В озере Пинк, подумал Адамберг, где же еще?
— Продолжим завтра, — внезапно решил Лалиберте, поднимаясь. — А то ты вот-вот спустишь собак на квебекских копов. Я просто хотел поставить тебя в известность. Вам забронировали два номера в гостинице «Бребеф», в парке Гатино. Годится?
— Бребеф — это фамилия?
— Да, одного француза. Он был упрям как мул, и ирокезы его сожрали — за то, что пытался вешать им лапшу на уши. Мы заедем за вами в два часа, чтобы вы успели отдохнуть.
Суперинтендант — снова сама любезность — протянул ему руку.

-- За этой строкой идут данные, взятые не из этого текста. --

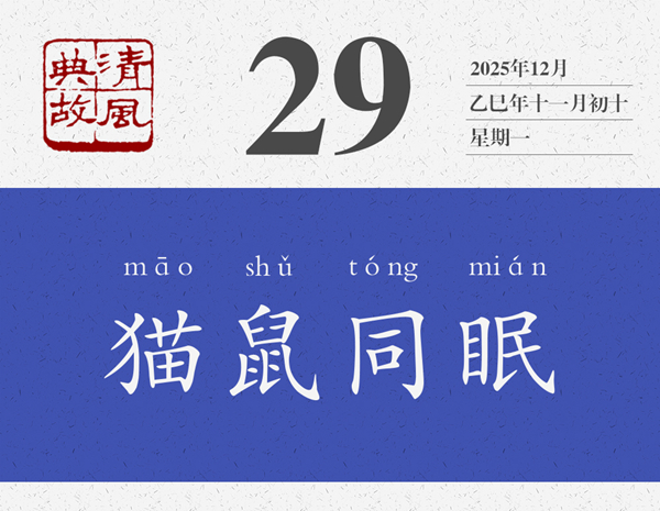 俗話說(shuō):“老鼠睡貓窩,白送一口肉。”但當(dāng)貓和老鼠住在一起,同進(jìn)同出的時(shí)候,情況則如另一句俗話所說(shuō):“老鼠嫁花貓,冤家變親家。”后遂以“貓鼠同眠”為典,比喻執(zhí)法者失職瀆職,包庇縱容違法犯罪者為非作歹;或形容官匪沆瀣一氣,同流合污。明人李開(kāi)先傳奇《林沖寶劍記》第六出:“都是讒言佞言,一個(gè)個(gè)貓鼠同眠。”

— И ты расскажешь мне историю с вилами.
— Если сумеешь услышать, Орель.
Вопреки благим намерениям, Адамберг не мог думать о поразительном совпадении, столкнувшем его с Трезубцем на другом конце света. Мертвецы путешествуют с быстротой молнии. Он почувствовал опасность в маленькой церкви в Монреале, когда Вивальди нашептывал ему, что Фюльжанс знает об охоте, и советовал ему быть осторожным. Вивальди, судья, квинтет, подумал он и провалился в сон.
Ретанкур постучала в его дверь в шесть утра по местному времени. Он только что принял душ и заканчивал одеваться, так что перспектива начать трудный день с беседы с лейтенантом ему не улыбалась. Он предпочел бы полежать и подумать — побродить среди миллионов клеточек своего запутавшегося мозга. Но Ретанкур уже села на кровать и поставила на низкий столик термос с настоящим кофе — где только она его нашла? — две чашки и свежие булочки.
— Взяла в кафе, — пояснила она. — Так мы сможем спокойно поговорить. Не хочу, чтобы рожа Митча Портленса испортила мне аппетит.